Vija Celmins’ work is best when you are caught by surprise—don’t read the manifest, just board the ship. Sublime encounters open quiet pathways to deep consideration of the now-octagenarian artist, her times and her legacy.

Celmins’ exhibition at Matthew Marks Gallery is steeped in matters of gravity in 40 years of her later works. Notably absent is her brief fascination with the age of televised war. Frank Sirmans’ writing (Vija Celmins: Television and Disaster, 1964–1966 [Yale, 2011]) should be called upon just for background—white noise—if only to remind us how Celmins has long considered art’s ability to fix death’s image.

Born in 1938 in Riga, Latvia, Celmins’ life has been circumscribed by war. Occupied by the Soviet Union until 1991, Latvia was an eastern outpost of the Nazi concentration camp system, a site of horrific executions by Einsatzgruppen death squads who left tens of thousands of Jews, Communists, and other “undesireables” in mass graves, yet the mention of Jews killed was forbidden by Soviet authorities. How can Celmins’ work be read against “suppression”? Many won’t know that Celmins was invited to create a work for the Hall of Witness at the United States Holocaust Memorial Museum; though not ultimately selected, her work, like that of Christian Boltanski, has a relationship to Holocaust memorials and, I posit, Riga’s adjacent Bikerniecki Forest, where a constellation of broken pillars memorialize the disappeared.

Vija Celmins, Two Stones, (1977/2014-16), © Vija Celmins, Courtesy Matthew Marks Gallery.

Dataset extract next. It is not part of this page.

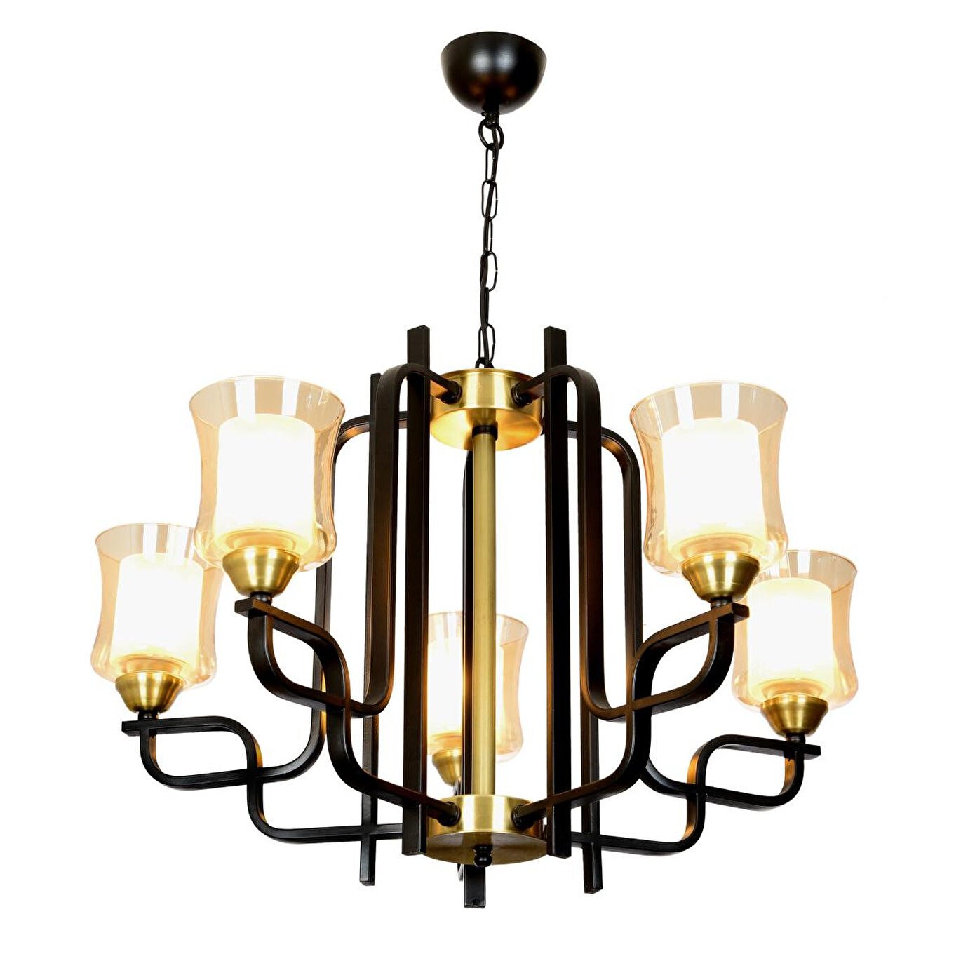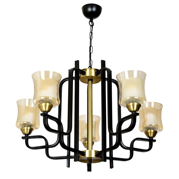 Ampul:E27 5x60 Watt. Ürün materyali : Metal / Cam .Fiyata Ampuller dahil değildir.Ürünümüz dekoratif modern tasarımı ile oturma odalarınız ve salonunuza farklı bir hava katacaktır.Ürünü tüm yaşam alanlarında da rahatlıkla kullanabilirsiniz.Ürünlerimizde kullanılan tüm materyaller 1.sınıf malzemeden üretilmiştir.24 ay garanti kapsamındadır.Taşıma esnasında oluşabilecek hasarlara karşı yedek parça temin edilir.

Celmins’ large canvases picture layers of deep space. Using thinly gesso-embedded stars, she pushes the comfort of a flat “readable” surface. These Hubble-like “windows” as in Night Sky #24 (2016), present galaxies so old they may be gone entirely. But our relationship to time obscures this from us. What do we learn from the errant paint-glop/star that wanders around the edge of the canvas? Looking at Celmins’ magnificent Blackboard Tableau (2007–15) installations of twinned chalkboards—one found and one fabricated—we find other indexical, extra-dimensional details like the gum of duct tape removed, copper nails buried with past force, scratches that mars the finish. The human hand wrote its sign, and it betrayed its violence. Lingering at the edge of the boards is the chalk’s ashen semi-solid state, somewhere between permanence and trace, memory and matter, the sign and its disappearance. “Little object a.”

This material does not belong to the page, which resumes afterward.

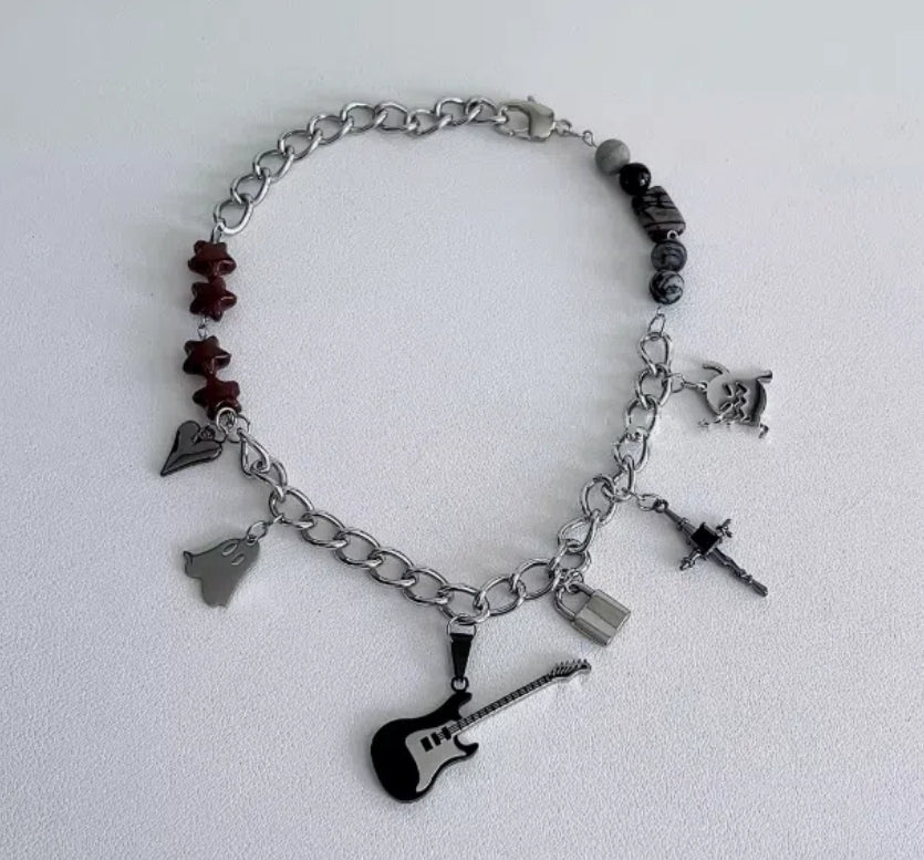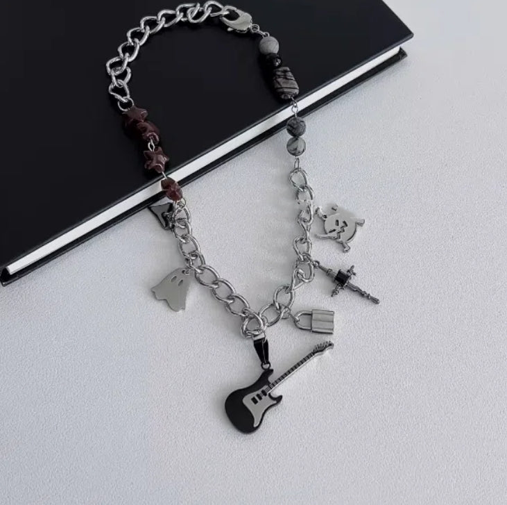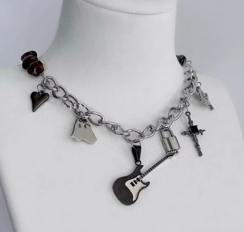 Cyberpunk guitar pendant necklace, silver chunky chain choker, adorned with cross and locks in a multi-element design.unisex choker.

The rhyme between the paintings and the blank slate of the tableau questions the impulse of energy required to start the language/universe over again. What would be different? What would be copied? What is inevitable?

The standout of the show is Two Stones (1977/2014–16), each palm-size and of a mass comfortable for a paperweight and place roughly 90 degrees to each other, where two hands seemingly just set them. The “real” pinkish granite echoes the stars with its white and black flecks, while the other, its twin made of bronze and painted, suggests only weight is the difference. But it’s impossible to know which is the mirror. It’s not just an inside joke or reprise of art’s nature/culture theme. The stones ask about the nature of time in reference to human flesh and ambitions, and suggest how possible it is to free energy with the sound of the two being struck together. Which will survive? The stone, or the artist’s great clap in an otherwise astonishingly silent oeuvre?